Les procédés photomécaniques, d’ailleurs, se perfectionnaient. Le Concours du duc de Luynes avait récompensé, en 1862, les merveilleuses photolithographies de Poitevin, laissant la lithographie sur pierre devenir un art original. Dans La Vie parisienne, un article qui fait le parallèle entre Gavarni et Daumier n’hésite pas entre les deux : "Aussi, bien qu’il n’ait point la couleur solide et le large dessin de Daumier, [Gavarni] est-il sera-t-il pour la postérité un bien plus grand personnage." Mais Champfleury, continuant dans ce même journal sa campagne en faveur de Daumier, se livre au même exercice à l’avantage de ce dernier. Le jugement de l’histoire, à ce moment, est suspendu. La parution la même année, 1865, des deux premières histoires de la caricature marque le tournant par lequel l’histoire de l’art accueille les caricaturistes.
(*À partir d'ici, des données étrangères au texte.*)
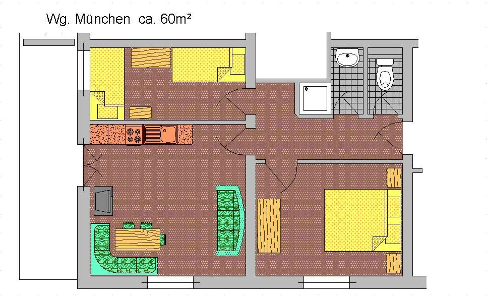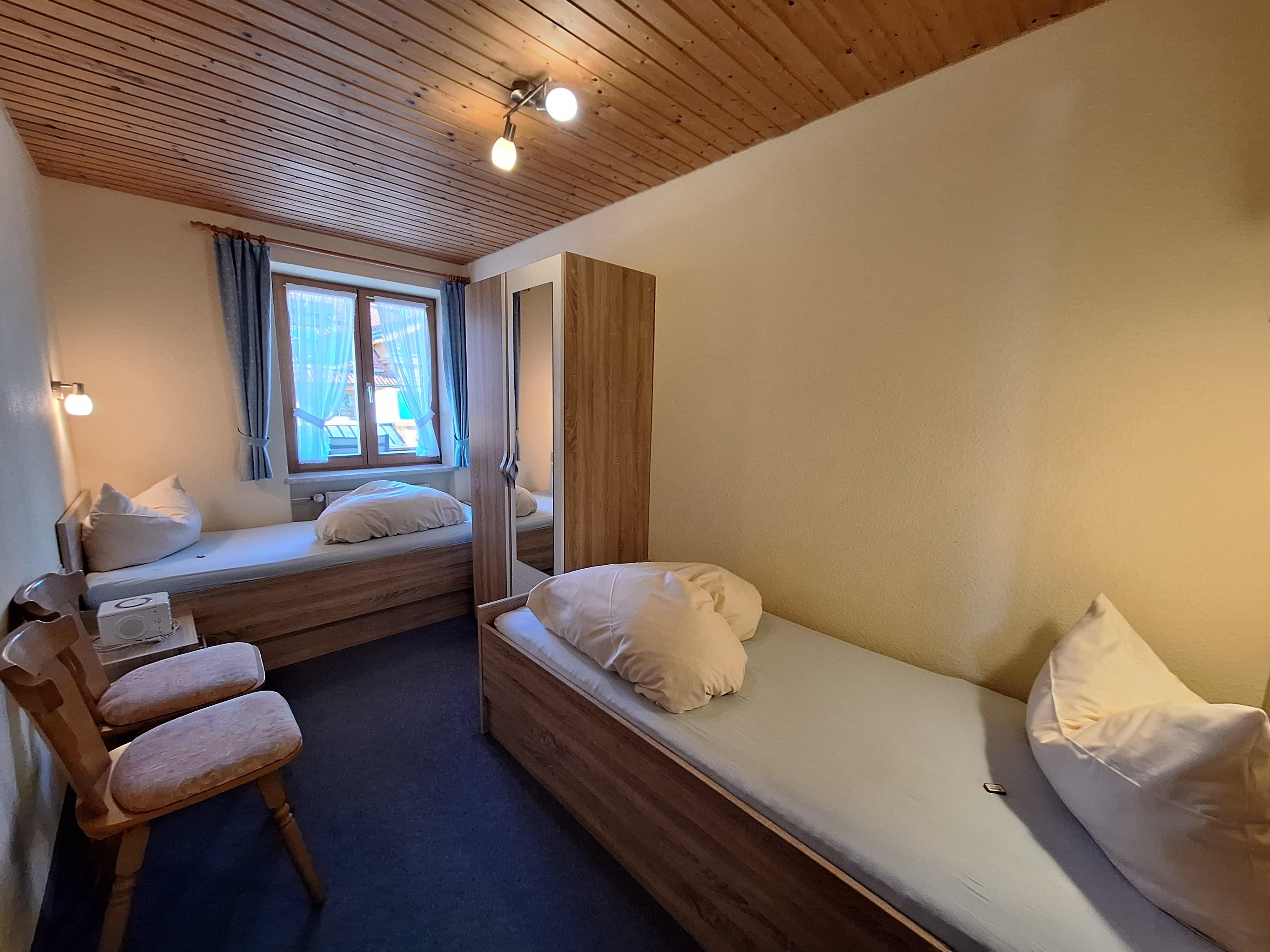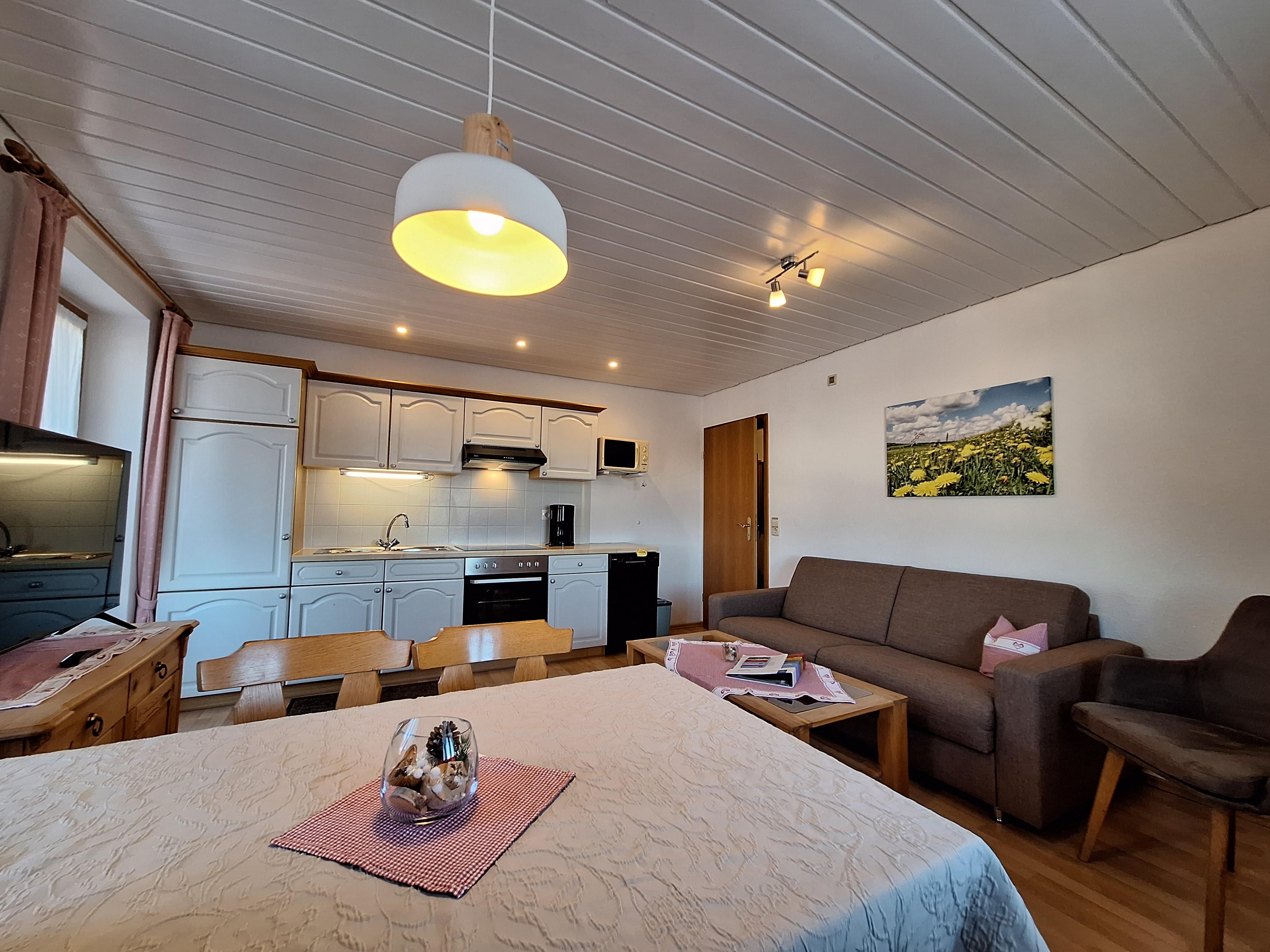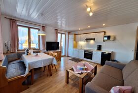 Gemütliche 3-Zimmerferienwohnung Hohenschwangau (60 qm) im 1. Stock mit Ostbalkon (Blick ins Alpenvorland und zur Zugspitze), 2 getrennte Schlafzimmer (1 x Doppelbett, 1 x getrennte Betten), schöner Wohnküche (Backofen, Ceranfeld, Kaffeemaschine, Mikrowelle, Spülmaschine, Toaster, Wasserkocher), Sat-TV, Stereoanlage und Radiowecker, Badezimmer mit Dusche/WC und Haarfön. Kinder bis 3 Jahre wohnen kostenfrei.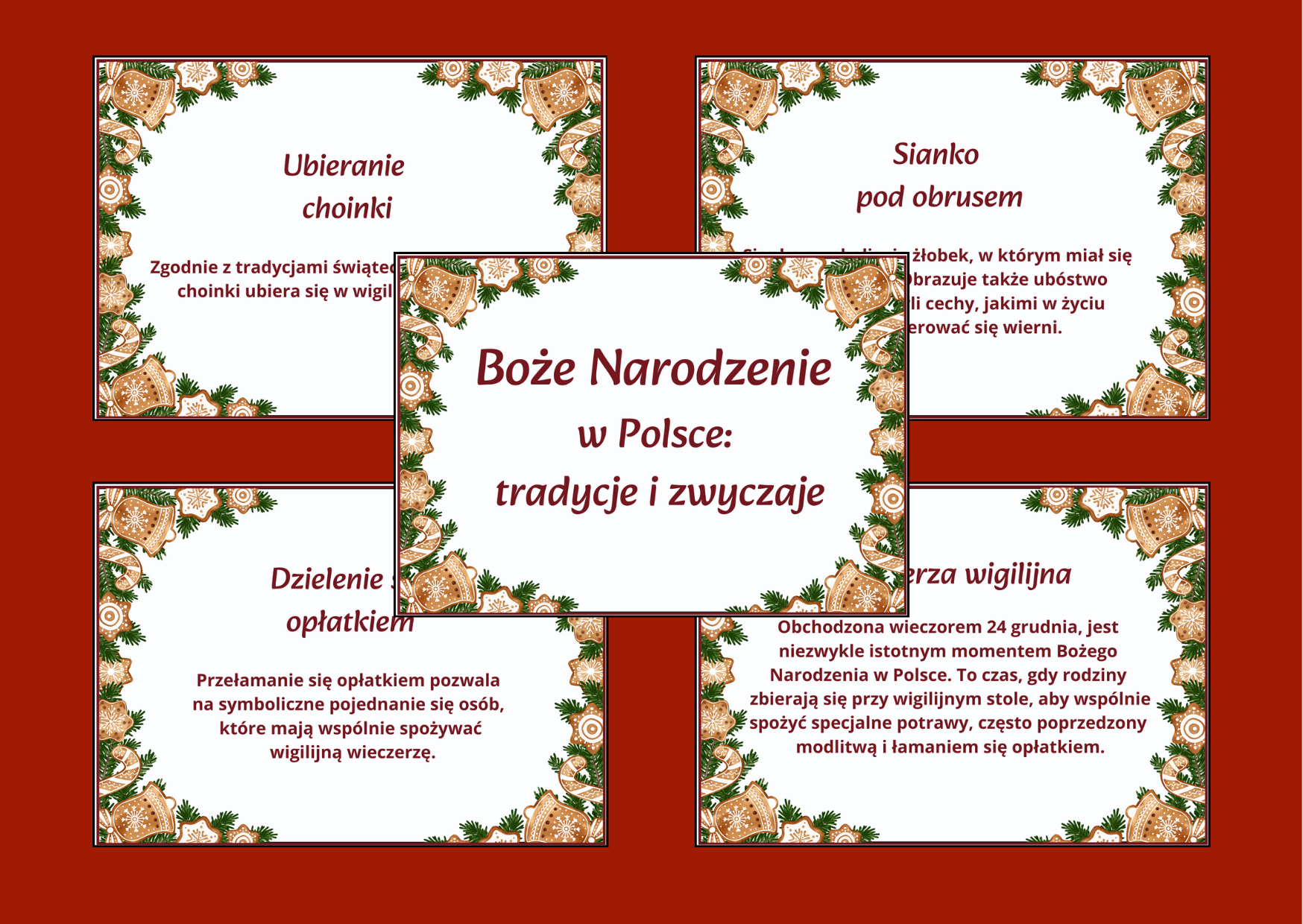 Materiał w formie gazetki pt. „Boże Narodzenie w Polsce: Tradycje i zwyczaje”, składa się z 11 stron pdf w formacie A4.

La première est due à l’Anglais Thomas Wright, traduite et publiée en français dès 1866. Champfleury publie La Caricature moderne, premier volume d’une série qui remontera jusqu’à l’Antiquité. Le ton des deux ouvrages est différent : le livre de Thomas Wright est celui d’un érudit, celui de Champfleury celui d’un militant, plaidant la cause de l’art populaire. Celle de Daumier n’était pas gagnée, mais elle était au moins défendue. Elle le fut, encore une fois, dans l’article sur "La caricature", que Jules Vallès publia dans Le Figaro du 23 novembre 1865.